1758-01-12, de Voltaire [François Marie Arouet] à Gabriel Amable Sénac de Meilhan.

Mes yeux ne vont pas trop bien monsieur mais ils ont un grand plaisir à lire vos lettres.
Vous jugez très bien. Il y a des vers un peu durs dans l'ouvrage que vous avez la bonté de m'envoier. Quand vous vous amuzez à en faire, les vôtres ont plus de facilité, de douceur et de grâces, mais je sens aussi l'horrible difficulté de faire une pièce telle que celle cy, et cette difficulté me rend bien indulgent. D'ailleurs on ne doit sentir que les bautez d'un auteur qui commence. Le public même a besoin de l'encourager. Probablement l'auteur est sans fortune. C'est encor une raison de plus pour disposer en sa faveur. On peut même dire de luy spirat tragicum satis et feliciter audet.
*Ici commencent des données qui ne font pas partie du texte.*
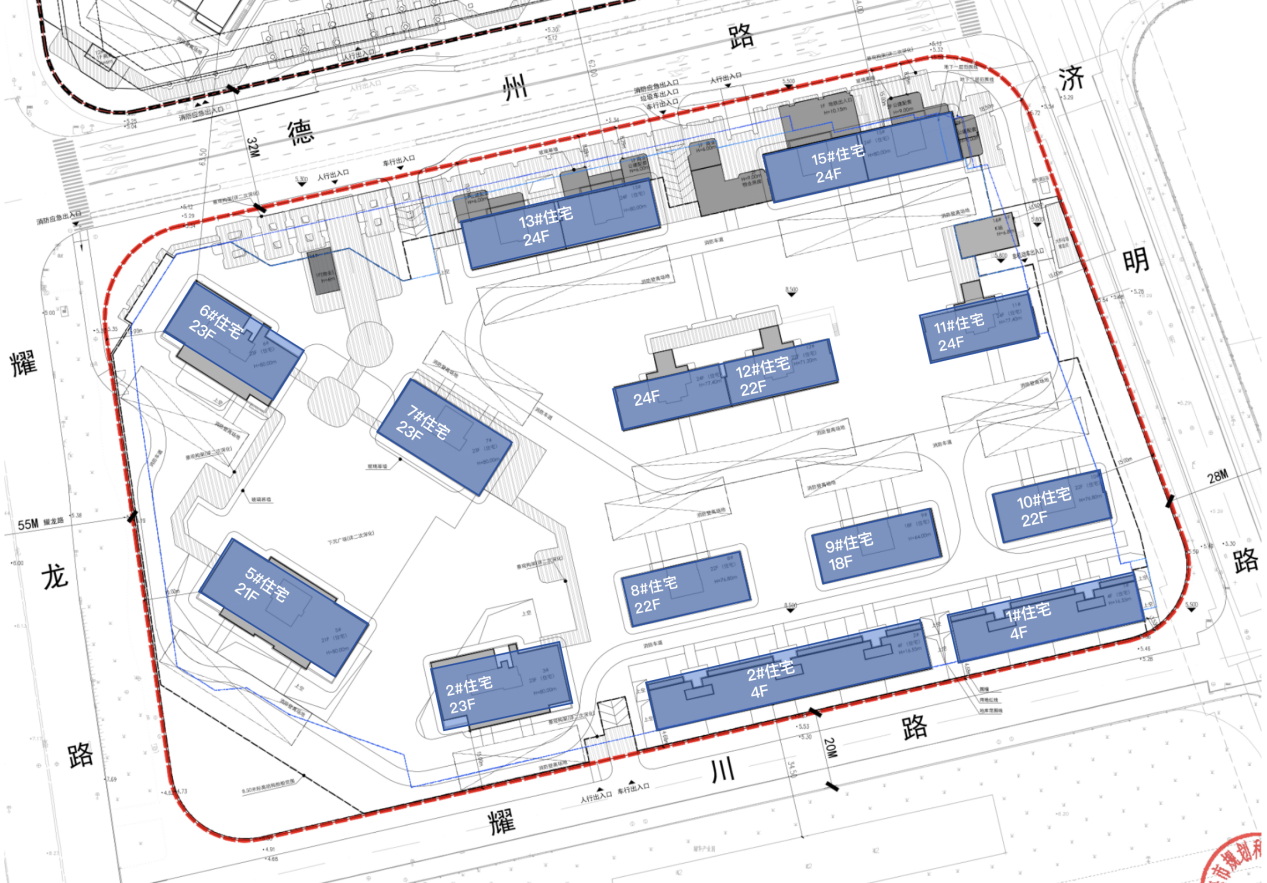 在市场最为关注的产品规划层面,此次公示也给出了明确答案。根据规划,项目将打造13幢住宅,涵盖低密与高层两种业态,以满足不同改善客群需求。其中,2幢4F联排住宅沿南侧耀川路排布,主打低密改善产品;另有11幢18-24F高层住宅。值得关注的是,5#、6#、7#三栋高层采用大角度南偏西设计,以此获得更优的瞰江视野。

Il m'a toujours paru qu'au téâtre le public était moins flatté de l'élégance continue d'une belle poésie, qu'il n'était frappé de la bauté des situations. Enfin je me fais un plaisir de chercher touttes les raisons qui peuvent justifier le succez d'un jeune homme qui a besoin d'encouragement. Nous allons jouer des pièces de téâtre dans ma retraitte de Lausane où je passe les hivers, et nous sentons tout le prix de l'indulgence. Je me vanterai à madame la marquise de Gentil, qui est une de nos actrices, que vous voulez bien me conserver un peu de souvenir. Pour moy je ne vous oublierai jamais. Je vous prie de vouloir bien présenter mes obéissances à mr votre père et à M. votre frère, et d'être persuadé des sentiments qui vous attachent pour jamais

le suisse V.

Made Denis vous fait ses compliments.